# Winged Skellys



## Bone Dancer (Oct 7, 2005)

Bare in mind that these are to be seen at night, in poor light, at a distance.
I used the 2ft skellys from OT with the led eyes.


----------



## Lady Nyxie (Aug 30, 2006)

I see you took the kids to the park this weekend. Hope it wasn't too hot and that you had fun.


----------



## Lilly (Jun 13, 2006)

I like them BD..
good idea on that wire for posing 
(they look like they are playing king of the mountain) LOL
Great Job


----------



## AzKittie74 (Aug 10, 2007)

They are GREAT! you should put a fake fire in the center.
that is gonna look so cool on Hallowen night!!


----------



## Diabolos (Jun 23, 2008)

those look awesome


----------



## Bone Dancer (Oct 7, 2005)

Thanks, I hadn't thought about a fake fire on that, sounds good.


----------



## dave the dead (Jan 31, 2007)

nice job BD...red oozing bodies and big black wings....nice!


----------



## grim reaper (Aug 18, 2005)

awsome job BD these look great !


----------



## beelce (Jul 21, 2007)

Hey I like those BD...Nice look..A fire would look good at night


----------



## Black Cat (Aug 20, 2005)

Great Job BD. Those look awesome.

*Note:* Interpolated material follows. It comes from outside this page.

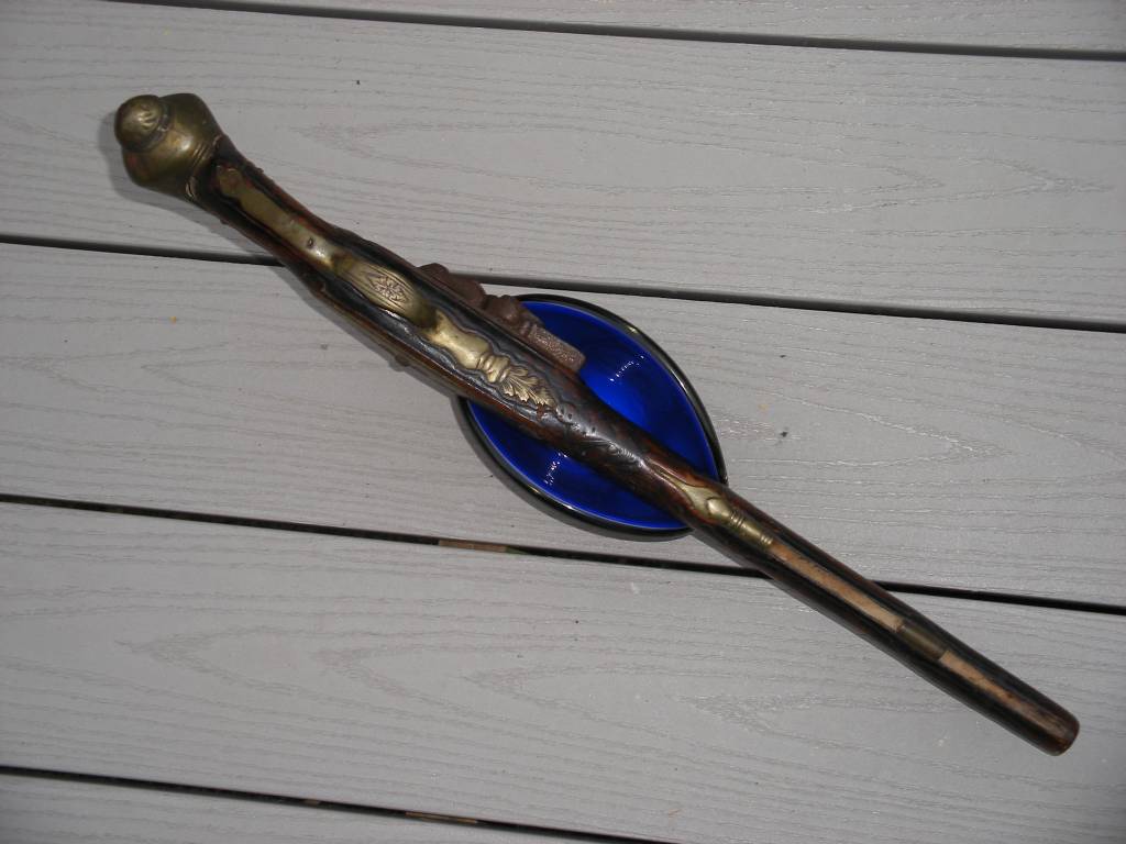 1) OK. False ramrod. More evidence of being locally made/assembled. The lock also looks locally made. 2) Unfortunately, "markings" are not one of my strong suites. But it does look like the numeral 4 from the photos, and does look like a stamp. But the proposed broad arrow doesn't appear to be a stamp (?). Looks more like a cut or engraving. The same with the two straight marks just ahead of the arrow. I've never seen one of these pistols with an English proof. Unless Afghan made. Seen Belgium, Italian, and even one German marked barrel, and of course locally made barrels. But not English. Or at least any proofs. The other stamp, that looks locally done, I have no idea. 3) The barrels, locks, and some hardware were both locally made and imported. There were even complete guns, European made, and decorated for local tastes, and exported for re-sale. That's also why these pistols are often mis-identified as Italian, Dutch, or something else. So the combination/mix of parts all over the map you might say. LOL 4) Most of these pistols had one or more barrel bands. Your's may have had a single barrel band at the muzzle end with a groove on the lower part to accomodate the rod. But check the bottom of the barrel for any evidence that there may have been one or two underlugs that would have been soldered to the barrel, or a small square, shallow cut in the barrel to accomodate one or more pins. In other words, the barrel may have originally been pin fastend, but the underlugs that held the pins are now gone. Is there one or more small holes in the stock where a barrel pin(s) might have once been? Rick. |

Those wings look huge.


----------



## Uruk-Hai (Nov 4, 2006)

WOW!! Those look great! A fire in the middle would look so cool at night. How did you make the wings?


----------



## sharpobject (May 7, 2008)

They look great !! (another thing to add to my future list).


----------



## corner haunt (May 21, 2008)

Mmmmmmmm! barbecued ribs.:lolkin: Yeah! those look great. Heck with low light, at night, and seen from a distance. I think they look fine as is, but I agree with the others. Fire! fire! fire! Ha ha ha!


----------



## Lilly (Jun 13, 2006)

I agree on the fire aspect ...
maybe dig a hole in the ground under the wire and set red lights in it , like they crawled out of hell. LOL


----------



## Bone Dancer (Oct 7, 2005)

Uruk-Hai said:


> WOW!! Those look great! A fire in the middle would look so cool at night. How did you make the wings?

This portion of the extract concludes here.